Both of these outcomes, to me, are inherently dangerous to the quality of our sport. It’s not what most elite drivers want when it comes to racing. When we win, we want to feel that it was because we made a move that very few other drivers could make. The move I made in the Chase last year to take the lead at Chicagoland is one of the proudest I’ve ever had in a race car.

That’s the kind of thing we want to be able to do. We want to feel consequential to the outcome. We don’t want the cars to be modified so dramatically that great moves are either impossible to make in certain races, or extremely easy to make in others — so much so that even average drivers can make them.

With the Darlington race package, NASCAR changed all that. They made the cars harder to drive. And that made for some great racing.
For one thing, we got a lot more self-spin, which is when a driver spins out his car without influence from another driver. With less downforce, self-spins happen more often, which open up windows in a race and change the race’s overall strategy. That usually makes things a lot more compelling to watch, and they’re a lot more credible than debris cautions. If a yellow is hung out with five to go because somebody spun out, it’s generally well accepted within the field that those are just the breaks.

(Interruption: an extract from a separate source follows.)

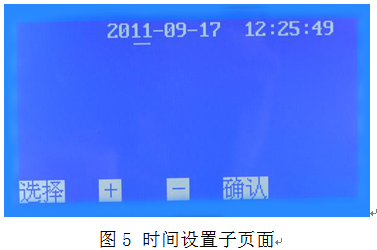 5、在圖2頁面下,按 選擇 鍵移動光標(biāo)√ 至?xí)r間設(shè)置處,按 確認(rèn) 鍵即可進(jìn)入時(shí)間設(shè)置子頁面(圖5)。

Second, we wound up with more comers and goes. With less downforce, a car can alternate between being really fast in a certain portions of the track, and slow in others. That opens up passing, and passing is one of the key attributes of exciting stock car racing. With less downforce, clean air is also less of an advantage. With the current rules package, if you fall back into the pack in a race, it dramatically effects the way you car performs. You go from being a first place car to a 10th place car. As you reduce downforce — and with it, the significance on aerodynamics — that’s not so much the case. You can earn your spot back. It becomes easier to play offense.

That’s important because with the current 2015 rules package, it’s never been easier in our sport to play defense. What does that mean? Defensive racing is where a guy in front of you might run a different lane — not because he’s faster in it, but because he knows you’re faster in it, and he wants to steal your air away from you and slow you down. With less downforce and less reliance on aerodynamics, you see less defensive racing.

BACKWARD, FORWARD

In the 1990s and early 2000s, NASCAR teams invested all their developmental money and engineering skills in advanced aerodynamics, and how they affect a race car. Today, aerodynamics could not be more important. And because of that, when I get into my car, all I’m thinking about is doing everything I can to win. Every day, to compete as a race car driver, I tell my team, “I need more downforce. I need more sideforce. I need less drag.” I want those three things to make me better than the competition.

But when I take off my helmet and I think about what’s best for the sport, those aren’t things that I want. What I truly want — as someone who loves NASCAR and wants to see our sport thrive — is for the racing to be as exciting and compelling as it can be.

We’re not going to unlearn everything we’ve learned in the last two decades about aerodynamics. But maybe we don’t have to. Last weekend, NASCAR gave us an incredible gift, and showed tremendous leadership, too. It gave drivers the race package we’d been asking for, and the result was what many people described as some of the best racing we’ve ever had. I can’t commend NASCAR enough for doing that. It’s a kind of wonderful irony. By taking us back to the past at Darlington, NASCAR may very well have shown us the way to the future.